-- Records for this exercise follows --
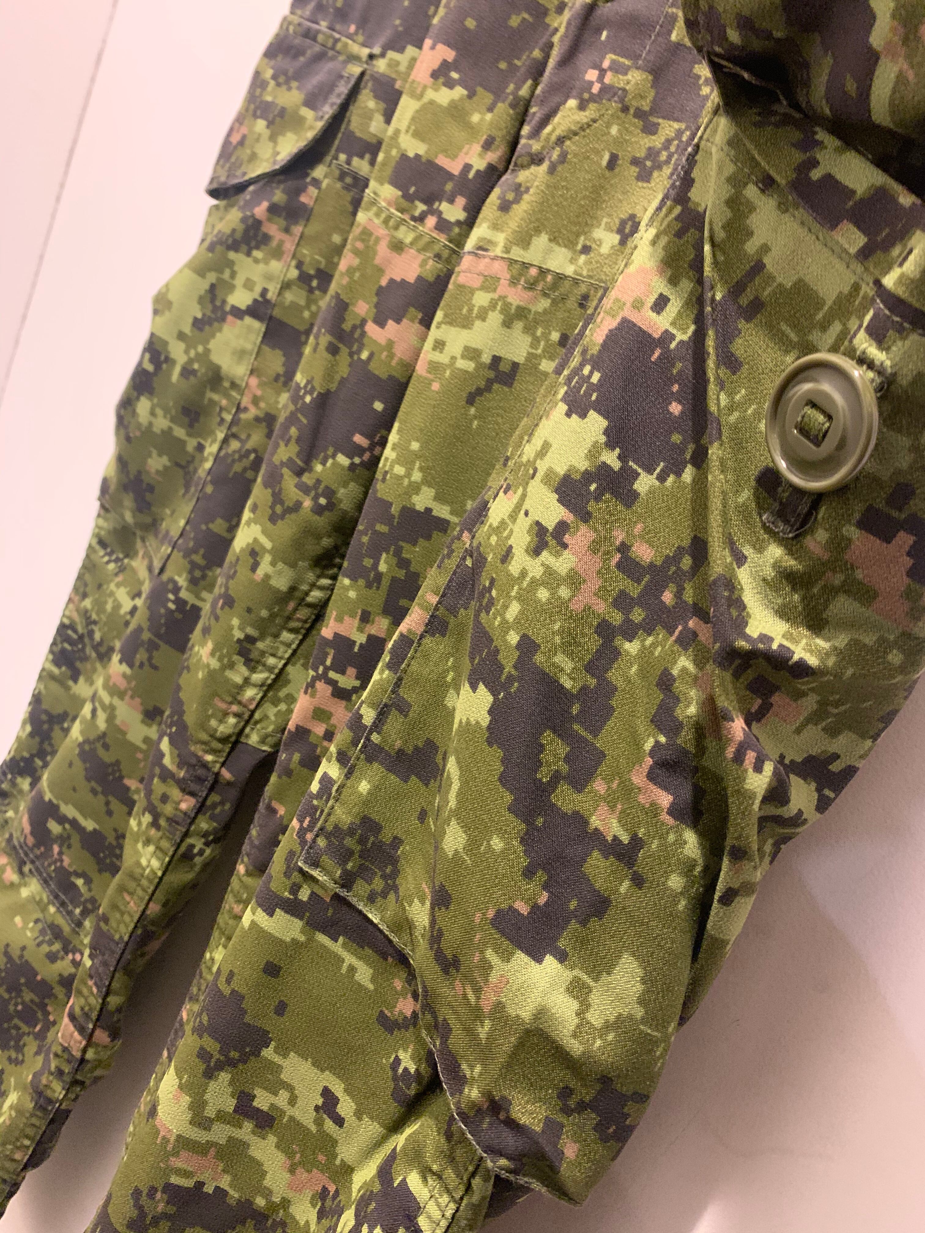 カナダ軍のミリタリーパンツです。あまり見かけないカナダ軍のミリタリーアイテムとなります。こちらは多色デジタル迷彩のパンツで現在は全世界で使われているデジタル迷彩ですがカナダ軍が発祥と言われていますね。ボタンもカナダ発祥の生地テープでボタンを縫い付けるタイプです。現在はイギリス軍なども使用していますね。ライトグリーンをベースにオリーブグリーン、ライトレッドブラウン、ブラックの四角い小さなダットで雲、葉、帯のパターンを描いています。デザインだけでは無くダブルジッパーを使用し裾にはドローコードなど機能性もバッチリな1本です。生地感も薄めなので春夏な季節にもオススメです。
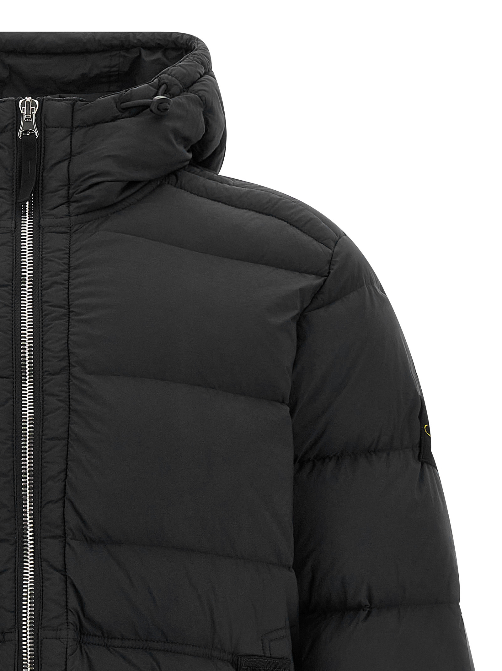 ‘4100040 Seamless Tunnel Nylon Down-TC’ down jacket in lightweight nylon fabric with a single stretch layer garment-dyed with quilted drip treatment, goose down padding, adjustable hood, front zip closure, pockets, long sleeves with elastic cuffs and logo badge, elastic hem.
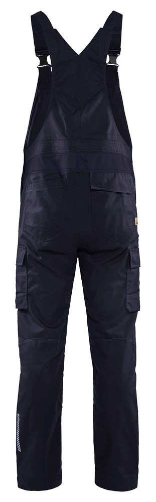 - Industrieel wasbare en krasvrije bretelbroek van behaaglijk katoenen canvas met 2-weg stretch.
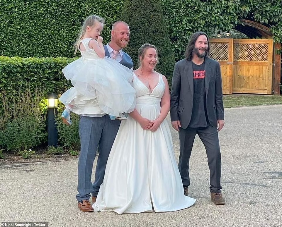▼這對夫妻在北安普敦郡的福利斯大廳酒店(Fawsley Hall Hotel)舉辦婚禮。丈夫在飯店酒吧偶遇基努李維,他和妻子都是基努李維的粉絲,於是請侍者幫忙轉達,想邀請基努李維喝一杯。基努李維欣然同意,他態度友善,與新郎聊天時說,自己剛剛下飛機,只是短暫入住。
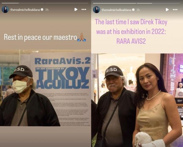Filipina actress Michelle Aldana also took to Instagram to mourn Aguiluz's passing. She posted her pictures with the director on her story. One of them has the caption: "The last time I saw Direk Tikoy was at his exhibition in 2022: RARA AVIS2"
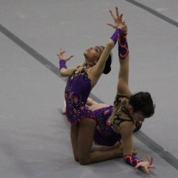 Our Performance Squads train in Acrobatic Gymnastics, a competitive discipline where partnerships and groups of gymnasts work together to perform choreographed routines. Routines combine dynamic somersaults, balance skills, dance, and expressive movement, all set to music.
-- Records for this exercise concluded --
■ Your objective ■
Each line above is to be duplicated exactly, and the pictures are to be omitted.

■ Expected output ■
 カナダ軍のミリタリーパンツです。あまり見かけないカナダ軍のミリタリーアイテムとなります。こちらは多色デジタル迷彩のパンツで現在は全世界で使われているデジタル迷彩ですがカナダ軍が発祥と言われていますね。ボタンもカナダ発祥の生地テープでボタンを縫い付けるタイプです。現在はイギリス軍なども使用していますね。ライトグリーンをベースにオリーブグリーン、ライトレッドブラウン、ブラックの四角い小さなダットで雲、葉、帯のパターンを描いています。デザインだけでは無くダブルジッパーを使用し裾にはドローコードなど機能性もバッチリな1本です。生地感も薄めなので春夏な季節にもオススメです。
 ‘4100040 Seamless Tunnel Nylon Down-TC’ down jacket in lightweight nylon fabric with a single stretch layer garment-dyed with quilted drip treatment, goose down padding, adjustable hood, front zip closure, pockets, long sleeves with elastic cuffs and logo badge, elastic hem.
 - Industrieel wasbare en krasvrije bretelbroek van behaaglijk katoenen canvas met 2-weg stretch.
▼這對夫妻在北安普敦郡的福利斯大廳酒店(Fawsley Hall Hotel)舉辦婚禮。丈夫在飯店酒吧偶遇基努李維,他和妻子都是基努李維的粉絲,於是請侍者幫忙轉達,想邀請基努李維喝一杯。基努李維欣然同意,他態度友善,與新郎聊天時說,自己剛剛下飛機,只是短暫入住。
Filipina actress Michelle Aldana also took to Instagram to mourn Aguiluz's passing. She posted her pictures with the director on her story. One of them has the caption: "The last time I saw Direk Tikoy was at his exhibition in 2022: RARA AVIS2"
 Our Performance Squads train in Acrobatic Gymnastics, a competitive discipline where partnerships and groups of gymnasts work together to perform choreographed routines. Routines combine dynamic somersaults, balance skills, dance, and expressive movement, all set to music.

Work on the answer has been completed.